In the last century a healthier life style and great advances in scientific biomedical research have led to a significant increase of life expectancy. Thus medical problems of aging have become very common and research on neurodegenerative diseases has received growing attention. Alzheimer disease (AD) is the most common cause of dementia. Effective therapies are still missing, mainly due to the lack of appropriate diagnostic tools. When a neurodegenerative disease is clinically manifest, the neuronal damage is already spread. Therefore, identifying early events preceding irreversible brain damage is essential. AD patients often show visual impairments with structural and functional retina abnormalities before other cognitive functions, and Ab deposits, main hallmark of AD, lead to retina degeneration in AD mouse models. Due to its sensitivity to pathological conditions and its substantial accessibility, retina analysis as a mirror of AD pathology seems promising for an early diagnosis.
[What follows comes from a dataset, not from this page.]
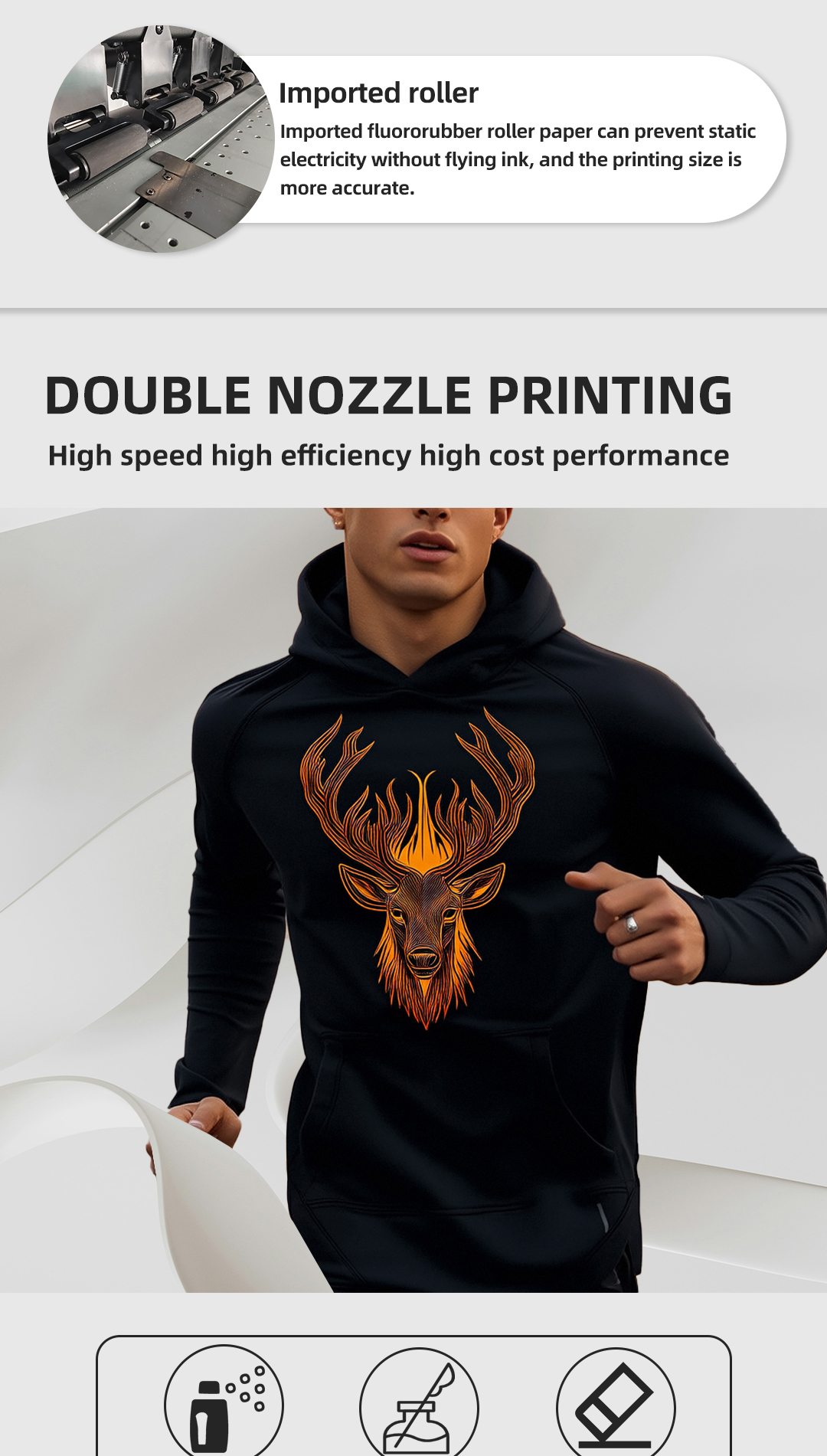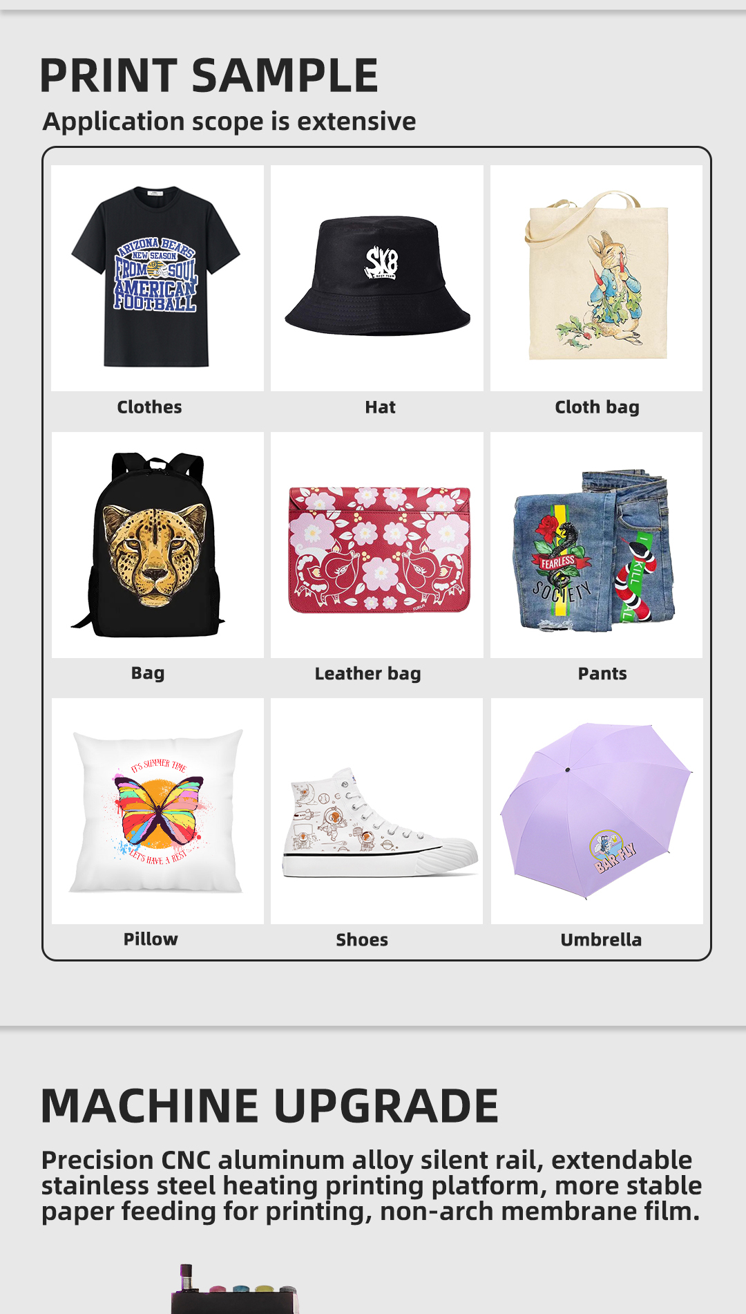 The 400D-13inch excels in various commercial DTF applications, including producing vibrant, durable prints for T-shirts, caps, bags, and other custom apparel. Its high efficiency ensures a fast payback period, enabling on-demand production in small to medium enterprises with tight deadlines. Organizations can integrate this dtf transfer printer into existing textile workflows, supported by user-friendly software and reliable hardware, delivering stable, repeatable results crucial for customer satisfaction and operational scalability in personalized merchandise production.

A chronic oxidative stress anticipates retina degeneration in AD. We showed that, due to its involvement in oxidative process, CLIC1 is a good candidate for early diagnosis of neurodegeneration. We performed immunohistochemistry on retina slices from acute and chronic mouse models of AD. Moreover, by comparing CLIC1 time-dependent expression in retina and hippocampus of WT and AD mouse models, we explored the possibility to use CLIC1 as early accessible marker for neurodegenerative diseases.